François Ponchaud, a French Catholic priest and missionary to Cambodia who had documented the genocide and whose book Cambodge année zéro (Cambodia: Year Zero) Chomsky and Herman had criticized in the same article where they praised Porter and Hildebrand, subsequently wrote that Chomsky and Herman were “two ‘experts’ on Asia [who] claim that I am mistakenly trying to convince people that Cambodia was drowned in a sea of blood…For them, refugees are not a valid source ... It is surprising to see that ‘experts’ who have spoken to few if any refugees should reject their very significant place in any study of modern Cambodia. These experts would rather base their arguments on reasoning: if something seems impossible to their personal logic, then it doesn’t exist.”
According to the academic Donald Beachler, a specialist on genocide studies, Chomsky’s campaign to protect the Khmer Rouge went far beyond the occasional article and extended to writing letters to editors and publications “to urge discounting atrocity stories” some of which ran “as long as twenty pages.”
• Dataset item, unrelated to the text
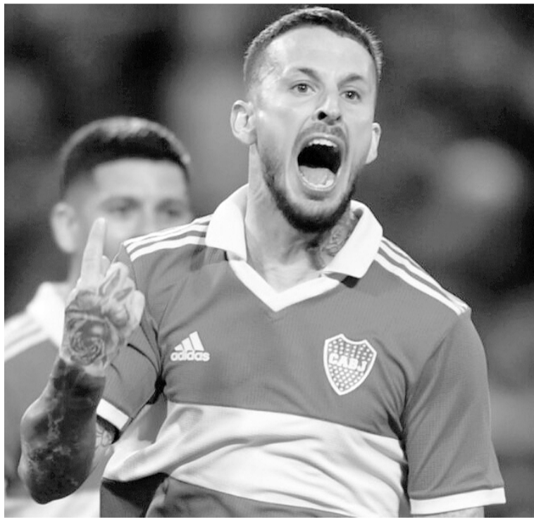
El Xeneize irá por los tres puntos en Victoria. WEB

La ausencia del goleador ex Napoli, París Saint-Germain y Manches-

Lest readers think this was a one-off collaboration, Chomsky and Herman continued to inveigh about Cambodia in their highly-inexpert fashion (neither spoke Khmer or had spent any time in “Democratic Kampuchea,” as the as the Khmer Rouge had rechristened the country) in a pair of 1979 books, The Political Economy of Human Rights, Volume I: The Washington Connection and Third World Fascism and The Political Economy of Human Rights, Volume II: After the Cataclysm: Postwar Indochina and the Reconstruction of Imperial Ideology. In 1988, Edward S. Herman was also the co-author of perhaps Chomsky’s most well-known book, Manufacturing Consent: The Political Economy of the Mass Media.

Thus, one already sees at the time of the publication of The Nation article, now nearly fifty years ago, the pattern Chomsky would more and more adhere to as his career went on: The reporting of journalists on the ground and that of citizens of the countries in question themselves could be ignored, dismissed or derided if it lent itself to a more complex picture than the one Chomsky obsessively adhered to, that of the United States - and the United States alone - being the world’s unique supervillain. From his sinecure at the Massachusetts Institute of Technology (MIT), where he taught from 1955 until 2002, Chomsky appeared to believe that his pronouncements, even about places he knew almost nothing about and whose histories and cultures he was surpassingly ignorant of, must be treated as the utterances of a wise sage.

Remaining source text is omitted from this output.